**Work request**
An exact copy of the entries below is needed, with every picture left out.
[[ Information supplied open ]]
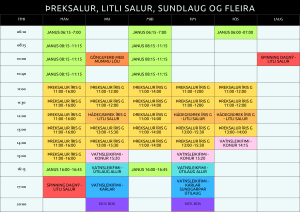 Meðfylgjandi eru stundatöflur fyrir opna tíma og æfingar í íþróttamiðstöðinni haustið 2025.
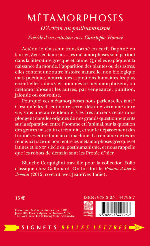 Acteon le chasseur transforme en cerf, Daphne en laurier, Zeus en taureau... les metamorphoses sont partout dans la litterature grecque et latine. Qu'elles expliquent la naissance du monde, l'apparition des plantes ou des astres, elles content une autre histoire naturelle, non biologique mais poetique, nourrie des aspirations humaines les plus essentielles: dieux et hommes se metamorphosent, ou metamorphosent les autres, par vengeance, punition, jalousie ou convoitise.Pourquoi ces metamorphoses nous parlent-elles tant ? C'est qu'elles disent notre secret desir de vivre une autre vie, sous une autre identite. Ces tres anciens recits nous plongent dans les origines de nos grands questionnements sur la separation entre l'homme et l'animal, sur la question des genres masculin et feminin, et sur le depassement des frontieres entre humain et machine. La centaine de textes reunis ici trace un pont entre les metamorphoses grecques et latines et le XXIe siecle du posthumanisme, et nous rappelle que les robots de demain sont les Protee d'hier.
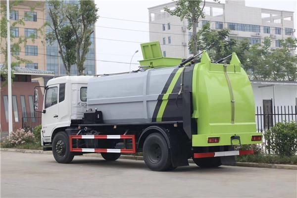 國六東風天錦方罐10-12方餐廚垃圾收集車底盤配置:采用東風天錦系列新款駕駛室,4700mm軸距,搭載國六(國Ⅵ)康明斯210馬力柴油發動機,東風6檔變速箱,9T后橋,10.00R20鋼絲胎,ABS,標配電動窗、中控鎖、鑰匙、日間行車燈、自動落鎖、斷氣剎、定速巡航、瞬時油耗,科技感十足,駕乘更舒適,GB7258新規。 國六東風天錦方罐10方餐廚垃圾收集車上裝配置:罐體容積10方,采用4mm碳鋼制作,圓距形罐體,液壓系統,配拉桿式提升機,可掛120/240升垃圾桶,推鏟卸料,具有干濕分離,罐體尾門液壓打開和鎖緊+手動鎖緊裝置,罐尾設液體自流閥,液位窗,后門液壓開啟。用于運輸液態垃圾,其特點操作簡單,密封性好,無泄漏,無異味,常用于餐館的垃圾轉運處理。 此款環衛垃圾車可加裝配置:1、罐體內部固液分離功能(全推推板,不銹鋼泔水分離網板);2、罐內加熱功能(用于嚴寒地帶防止罐內餐飲垃圾凍結凝固,采用柴油燃燒機加熱,加熱速度快效果好,可設置高低溫實現自動溫控);3、稱重功能(垃圾桶提升架稱重計量);4、罐體清洗裝置(加裝高壓泵與高壓水槍);5、吸污功能(利用真空吸污裝置直接將餐飲垃圾吸入罐體)
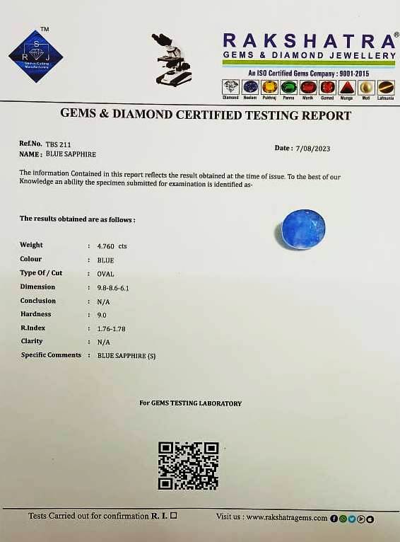 | SPECIFIC COMMENTS: | BLUE SAPPHIRE {S} |
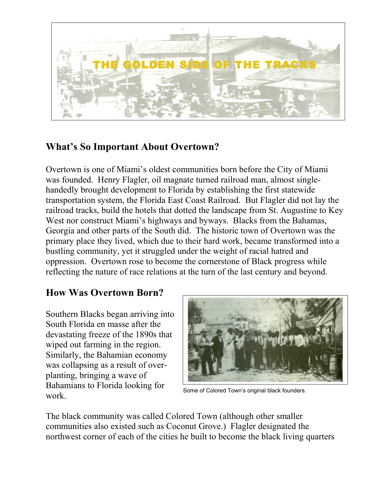THE GOLDEN SIDE OF THE TRACKS What’s So Important About Overtown? Overtown is one of Miami’s oldest communities born before the City of Miami was founded. Henry Flagler, oil magnate turned railroad man, almost singlehandedly brought development to Florida by establishing the first statewide transportation system, the Florida East Coast Railroad. But Flagler did not lay the railroad tracks, build the hotels that dotted the landscape from St. Augustine to Key West nor construct Miami’s highways and byways. Blacks from the Bahamas, Georgia and other parts of the South did. The historic town of Overtown was the primary place they lived, which due to their hard work, became transformed into a bustling community, yet it struggled under the weight of racial hatred and oppression. Overtown rose to become the cornerstone of Black progress while reflecting the nature of race relations at the turn of the last century and beyond. How Was Overtown Born? Southern Blacks began arriving into South Florida en masse after the devastating freeze of the 1890s that wiped out farming in the region. Similarly, the Bahamian economy was collapsing as a result of overplanting, bringing a wave of Bahamians to Florida looking for work. Some of Colored Town’s original black founders. The black community was called Colored Town (although other smaller communities also existed such as Coconut Grove.) Flagler designated the northwest corner of each of the cities he built to become the black living quarters so that he had a ready source of labor to build his hotels, who could be separated from the white population after working hours. Colored Town was a crowded, harsh place to live, deprived of even the most basic services, resulting in diseases such as yellow fever and smallpox running rampant. Thriving Business Community Despite these conditions, Colored Town became a leading center of black commerce. D.A. Dorsey became Miami’s first black millionaire by building houses for the local black population and starting the first black bank. Besides a plethora of family-owned businesses, a growing black professional community was established which included doctors, dentists, and hospitals. The community also had seven black newspapers and over a dozen community organizations including the Eastern Star Lodge, the Masons, the Elks, the Odd Fellows and more. Transportation blossomed along the heart of Colored Town, Second and Third Avenues, where One of the more successful businesses in automobiles, bicycles, horse-drawn carriages and Colored Town owned by S.W. Brown. . wagons moved people and wares across the community. The church community provided not only a spiritual connection for blacks, but also a foundation for social and political activism as well as a source of public welfare. The Harlem of the South Most prominent in Colored Town was its entertainment palaces led by the Lyric Theater, which featured vaudeville, music, silent movies and more. Other venues included the Rockland Palace, the Harlem Square Club, the Cotton Club, the Ritz Theater, the Mary Elizabeth Hotel, the Sir John and many more. These clubs and theaters featured the greatest artists of The Lyric Theater, one of Overtown’s premiere venues. their day including Count Basie, Ella Fitzgerald, James Brown, Billie Holiday, and Cab Calloway to name a few. This entertainment served as a source of pride for the community but also directly related to entertainment serving the larger white community. Black entertainers who performed for the white community were not allowed to stay on Miami Beach or in traditional hotels, so they performed first for the white community and then in Colored Town, often for free, before getting some shuteye at a hotel in Overtown. Racism Raises Its Ugly Head Lynchings were not a rare occurrence in the black community. The Klan formally arrived in Miami in the 1920s, fomenting mob action against blacks, using dynamite to blow up homes, and running blacks out of town through force of violence. The police were not friends of the black community either. Many were from the South where attitudes concerning blacks were mixed at best. Blacks were routinely locked up under dubious vagrancy laws, outright torture was practiced against black prisoners including the use of electric chairs, and occasionally police officers committed murder against the black population with impunity. The End of an Era In the 1950s plans were laid to build an extension to Interstate 95. Although several alternatives existed, the chamber of commerce and the road department decided to build the expressway running through Overtown. With urban renewal and expressway construction, over 20,000 blacks lost their homes and a bustling black community lost its footing. What wasn’t taken by the construction of the roadway was taken through urban renewal, which for many blacks resulting in their removal from the community. I-95 changed the face of Overtown forever. Overtown today is not dead. Although the population is substantially smaller today than during its heyday, it faces a new threat, gentrification. During the building boom of the mid 2000s, tens of thousands of condos were planned in and around Overtown. Substantially all of the new homes were well above the affordability threshold of most Overtowners. In fact, the City of Miami was demolishing more affordable housing units than it was building despite the millions of dollars allocated for this purpose. With today’s building bust, the black community is seeking creative solutions to solve their housing crisis. Some are working with government officials to insure that money allocated for housing projects goes to low cost housing. Others are organizing to seek alternative avenues of housing for the poor and homeless including organizations such as Take Back the Land and the Miami Workers Center. Whatever the solutions will be, Overtowners will need a strong voice so that history does not repeat itself a
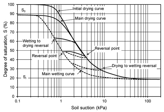 The soil–water characteristic curve is a family of drying and wetting curves that can be written in terms of various designations for the amount of water in the soils (e.g., gravimetric water content, volumetric water content, and degree of saturation). A typical family of soil–water characteristic curves [2,3] is shown in Figure 1.
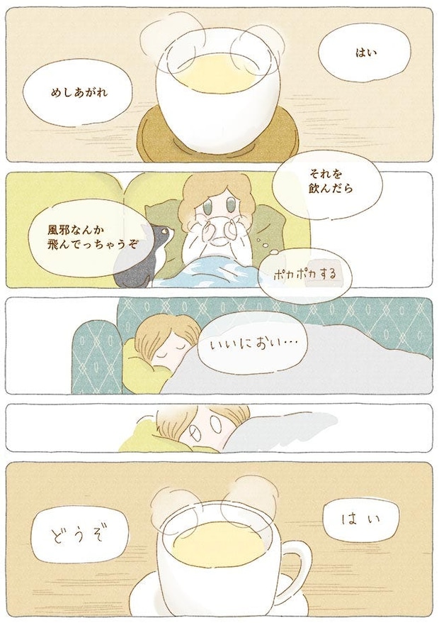 2025年11月26日 風邪をひいて寝込んでしまった夜。お父さんがたまご酒を作ってくれた夢をみて…!?/saudade(18) OZmall 【第18話】|きたかぜこのはをはらう_お父さんのたまご酒(C)よしのくりこ/スターツ出版 無断転載禁止この記事の詳細データや読者のコメントはこちら
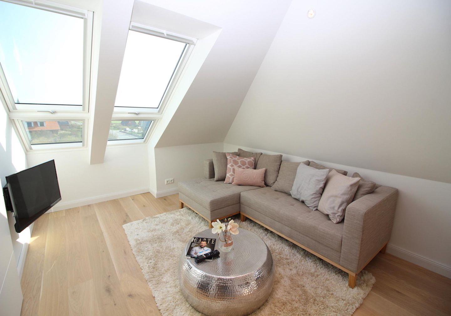 Die helle, freundliche Ferienwohnung im 2. Obergeschoss in Süd-Ost-Lage bietet ausreichend Platz für 2 Personen. Vom Wohnraumfenster aus kann man die Pfahlbauten am Strand hinter dem Deich erblicken.
[[ Information supplied closed ]]
**Exercise result**
 Meðfylgjandi eru stundatöflur fyrir opna tíma og æfingar í íþróttamiðstöðinni haustið 2025.
 Acteon le chasseur transforme en cerf, Daphne en laurier, Zeus en taureau... les metamorphoses sont partout dans la litterature grecque et latine. Qu'elles expliquent la naissance du monde, l'apparition des plantes ou des astres, elles content une autre histoire naturelle, non biologique mais poetique, nourrie des aspirations humaines les plus essentielles: dieux et hommes se metamorphosent, ou metamorphosent les autres, par vengeance, punition, jalousie ou convoitise.Pourquoi ces metamorphoses nous parlent-elles tant ? C'est qu'elles disent notre secret desir de vivre une autre vie, sous une autre identite. Ces tres anciens recits nous plongent dans les origines de nos grands questionnements sur la separation entre l'homme et l'animal, sur la question des genres masculin et feminin, et sur le depassement des frontieres entre humain et machine. La centaine de textes reunis ici trace un pont entre les metamorphoses grecques et latines et le XXIe siecle du posthumanisme, et nous rappelle que les robots de demain sont les Protee d'hier.
 國六東風天錦方罐10-12方餐廚垃圾收集車底盤配置:采用東風天錦系列新款駕駛室,4700mm軸距,搭載國六(國Ⅵ)康明斯210馬力柴油發動機,東風6檔變速箱,9T后橋,10.00R20鋼絲胎,ABS,標配電動窗、中控鎖、鑰匙、日間行車燈、自動落鎖、斷氣剎、定速巡航、瞬時油耗,科技感十足,駕乘更舒適,GB7258新規。 國六東風天錦方罐10方餐廚垃圾收集車上裝配置:罐體容積10方,采用4mm碳鋼制作,圓距形罐體,液壓系統,配拉桿式提升機,可掛120/240升垃圾桶,推鏟卸料,具有干濕分離,罐體尾門液壓打開和鎖緊+手動鎖緊裝置,罐尾設液體自流閥,液位窗,后門液壓開啟。用于運輸液態垃圾,其特點操作簡單,密封性好,無泄漏,無異味,常用于餐館的垃圾轉運處理。 此款環衛垃圾車可加裝配置:1、罐體內部固液分離功能(全推推板,不銹鋼泔水分離網板);2、罐內加熱功能(用于嚴寒地帶防止罐內餐飲垃圾凍結凝固,采用柴油燃燒機加熱,加熱速度快效果好,可設置高低溫實現自動溫控);3、稱重功能(垃圾桶提升架稱重計量);4、罐體清洗裝置(加裝高壓泵與高壓水槍);5、吸污功能(利用真空吸污裝置直接將餐飲垃圾吸入罐體)
 | SPECIFIC COMMENTS: | BLUE SAPPHIRE {S} |
THE GOLDEN SIDE OF THE TRACKS What’s So Important About Overtown? Overtown is one of Miami’s oldest communities born before the City of Miami was founded. Henry Flagler, oil magnate turned railroad man, almost singlehandedly brought development to Florida by establishing the first statewide transportation system, the Florida East Coast Railroad. But Flagler did not lay the railroad tracks, build the hotels that dotted the landscape from St. Augustine to Key West nor construct Miami’s highways and byways. Blacks from the Bahamas, Georgia and other parts of the South did. The historic town of Overtown was the primary place they lived, which due to their hard work, became transformed into a bustling community, yet it struggled under the weight of racial hatred and oppression. Overtown rose to become the cornerstone of Black progress while reflecting the nature of race relations at the turn of the last century and beyond. How Was Overtown Born? Southern Blacks began arriving into South Florida en masse after the devastating freeze of the 1890s that wiped out farming in the region. Similarly, the Bahamian economy was collapsing as a result of overplanting, bringing a wave of Bahamians to Florida looking for work. Some of Colored Town’s original black founders. The black community was called Colored Town (although other smaller communities also existed such as Coconut Grove.) Flagler designated the northwest corner of each of the cities he built to become the black living quarters so that he had a ready source of labor to build his hotels, who could be separated from the white population after working hours. Colored Town was a crowded, harsh place to live, deprived of even the most basic services, resulting in diseases such as yellow fever and smallpox running rampant. Thriving Business Community Despite these conditions, Colored Town became a leading center of black commerce. D.A. Dorsey became Miami’s first black millionaire by building houses for the local black population and starting the first black bank. Besides a plethora of family-owned businesses, a growing black professional community was established which included doctors, dentists, and hospitals. The community also had seven black newspapers and over a dozen community organizations including the Eastern Star Lodge, the Masons, the Elks, the Odd Fellows and more. Transportation blossomed along the heart of Colored Town, Second and Third Avenues, where One of the more successful businesses in automobiles, bicycles, horse-drawn carriages and Colored Town owned by S.W. Brown. . wagons moved people and wares across the community. The church community provided not only a spiritual connection for blacks, but also a foundation for social and political activism as well as a source of public welfare. The Harlem of the South Most prominent in Colored Town was its entertainment palaces led by the Lyric Theater, which featured vaudeville, music, silent movies and more. Other venues included the Rockland Palace, the Harlem Square Club, the Cotton Club, the Ritz Theater, the Mary Elizabeth Hotel, the Sir John and many more. These clubs and theaters featured the greatest artists of The Lyric Theater, one of Overtown’s premiere venues. their day including Count Basie, Ella Fitzgerald, James Brown, Billie Holiday, and Cab Calloway to name a few. This entertainment served as a source of pride for the community but also directly related to entertainment serving the larger white community. Black entertainers who performed for the white community were not allowed to stay on Miami Beach or in traditional hotels, so they performed first for the white community and then in Colored Town, often for free, before getting some shuteye at a hotel in Overtown. Racism Raises Its Ugly Head Lynchings were not a rare occurrence in the black community. The Klan formally arrived in Miami in the 1920s, fomenting mob action against blacks, using dynamite to blow up homes, and running blacks out of town through force of violence. The police were not friends of the black community either. Many were from the South where attitudes concerning blacks were mixed at best. Blacks were routinely locked up under dubious vagrancy laws, outright torture was practiced against black prisoners including the use of electric chairs, and occasionally police officers committed murder against the black population with impunity. The End of an Era In the 1950s plans were laid to build an extension to Interstate 95. Although several alternatives existed, the chamber of commerce and the road department decided to build the expressway running through Overtown. With urban renewal and expressway construction, over 20,000 blacks lost their homes and a bustling black community lost its footing. What wasn’t taken by the construction of the roadway was taken through urban renewal, which for many blacks resulting in their removal from the community. I-95 changed the face of Overtown forever. Overtown today is not dead. Although the population is substantially smaller today than during its heyday, it faces a new threat, gentrification. During the building boom of the mid 2000s, tens of thousands of condos were planned in and around Overtown. Substantially all of the new homes were well above the affordability threshold of most Overtowners. In fact, the City of Miami was demolishing more affordable housing units than it was building despite the millions of dollars allocated for this purpose. With today’s building bust, the black community is seeking creative solutions to solve their housing crisis. Some are working with government officials to insure that money allocated for housing projects goes to low cost housing. Others are organizing to seek alternative avenues of housing for the poor and homeless including organizations such as Take Back the Land and the Miami Workers Center. Whatever the solutions will be, Overtowners will need a strong voice so that history does not repeat itself a
 The soil–water characteristic curve is a family of drying and wetting curves that can be written in terms of various designations for the amount of water in the soils (e.g., gravimetric water content, volumetric water content, and degree of saturation). A typical family of soil–water characteristic curves [2,3] is shown in Figure 1.
 2025年11月26日 風邪をひいて寝込んでしまった夜。お父さんがたまご酒を作ってくれた夢をみて…!?/saudade(18) OZmall 【第18話】|きたかぜこのはをはらう_お父さんのたまご酒(C)よしのくりこ/スターツ出版 無断転載禁止この記事の詳細データや読者のコメントはこちら
 Die helle, freundliche Ferienwohnung im 2. Obergeschoss in Süd-Ost-Lage bietet ausreichend Platz für 2 Personen. Vom Wohnraumfenster aus kann man die Pfahlbauten am Strand hinter dem Deich erblicken.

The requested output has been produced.